Феликс выразительно вскинул брови, и Аврора покраснела под его взглядом:
– Нет, я не охочусь за мужем! Боже, какой ты меркантильный. Госпожа Ольхова сказала, что Тигров‑младший – знатный красавец, и мне было любопытно на него взглянуть, – призналась она.
– Узнаю свою сестру, – хмыкнул Феликс. – Любопытная птичка, – нежно добавил он.
– А вот ты бы мог подыскать себе невесту, – Аврора оглядела зал. – Тебе уже двадцать шесть, – вздох выдал печаль девушки. – Мама так хотела внуков…
– И мы не успели оправдать ее надежды. – Феликс стиснул зубы. – Но я не стану жениться на первой встречной. Она как минимум должна любить розовые тюльпаны, кружевные салфетки и читать Фицджеральда.
Аврора мягко обхватила его ладонь и прижала к щеке.

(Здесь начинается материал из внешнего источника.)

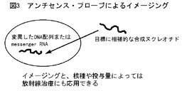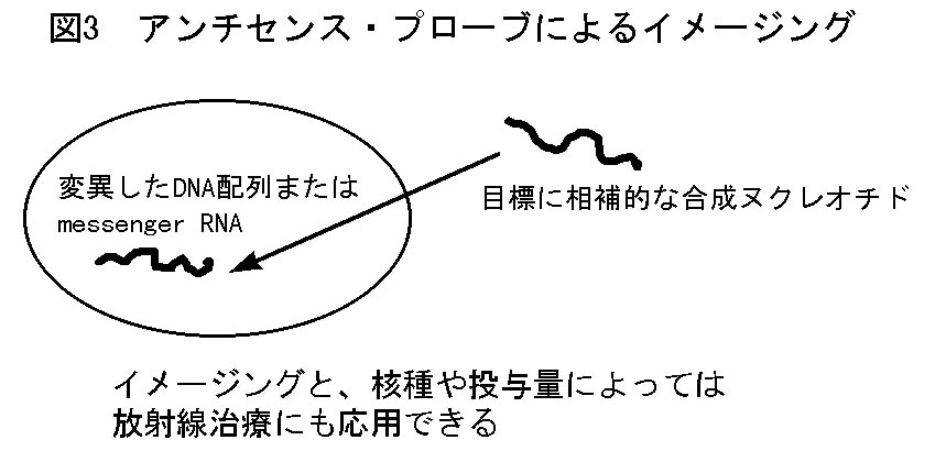 例えば不活化ヘルペスウイルスのチミヂンキナーゼを、癌細胞の中にのみ導入してやることができれば、ガンシクロヴィルなどのウイルスのチミヂンキナーゼによって代謝されることで抗ウイルス活性を発現する薬剤が、抗癌剤として選択的に効果を発揮することになる。問題は目標である癌細胞内だけに、ある程度のウイルスのチミヂンキナーゼが導入されたかどうかということを確認する手段である。ここで標識したデオキシフルオロウリジンを投与すると、ウイルスのチミヂンキナーゼが細胞内に活性を持っていれば、代謝されて取り込まれるために画像として描出されることになる。全く非侵襲的に導入遺伝子の取り込まれた様子がモニタリングできるわけである。このような全く新しい核医学検査が必要とされる時代が来るのではないだろうか。最後に標識アンチセンスによるイメージングについて述べたい。多くの疾患において遺伝子のレベルで異常をきたしている。例えば癌の場合には、いわゆる癌遺伝子に変異を生じていることが多い。DNAやメッセンジャーRNAの変異した部分に相補的な合成ヌクレオチドを合成して、標識後投与すれば極めて特異的な核医学診断が可能になるはずである(図3)。

Феликс не смотрел на сестру. Он и так знал, что ее глаза потемнели от жалости.
– Она умерла полгода назад. Лучше отпусти маму и не ищи ее копию. Второй такой нет. Она была неповторима.

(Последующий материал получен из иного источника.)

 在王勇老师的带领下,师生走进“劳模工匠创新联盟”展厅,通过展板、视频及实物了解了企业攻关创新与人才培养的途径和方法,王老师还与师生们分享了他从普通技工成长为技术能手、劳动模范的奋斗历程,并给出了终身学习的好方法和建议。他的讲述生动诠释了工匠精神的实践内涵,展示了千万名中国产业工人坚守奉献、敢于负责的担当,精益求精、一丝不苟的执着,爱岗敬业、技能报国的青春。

Феликс выдохнул, жалея, что не может так же легко избавиться от оков, невидимо стягивающих его сердце. Он притянул к себе сестру и уткнулся носом в ее макушку, окунувшись в цветочный аромат.
– Ты очень похожа на нее, Ави. И я рад, что ты больше не боишься дома.
Аврора уперлась в его грудь и со смехом вырвалась из объятий:
– Я не боялась дома. Это вы слишком много значения придавали моим детским играм. – Она обернулась в сторону зала, и смех превратился в неловкий кашель. – Я… кажется, пришли новые гости, – поспешно добавила девушка. Краска сошла с лица, и глаза стали еще больше.
Он растерянно кивнул. Сестра клюнула его в щечку и упорхнула в зал, оставив в недоумении. Но, когда в поле зрения Феликса попала густая шевелюра друга, все стало ясно.
– Ты действуешь так на всех девушек или только на мою сестру? – Он встал и пожал Артуру руку.
Тот смущенно растрепал каштановые волосы и бросил тоскливый взгляд на Аврору.
– Боюсь, только на нее.
– О, значит, это из‑за того случая, когда ты на глазах у ее подруг признался ей в любви, а потом опрокинул на себя пунш.
Феликс весело наблюдал, как веснушчатое лицо друга заливается краской, а зеленые глаза становятся еще ярче. Это было вдвойне забавно, потому что огромный детина краснел, как мальчишка. А ведь Артуру уже исполнилось двадцать девять лет. Но в этом весь он. Большой, надежный, преданный. Настоящий богатырь из русских сказок.
– Она была такой подавленной после смерти матери. – Неуклюже оправдываясь, Артур понуро опустился на диван.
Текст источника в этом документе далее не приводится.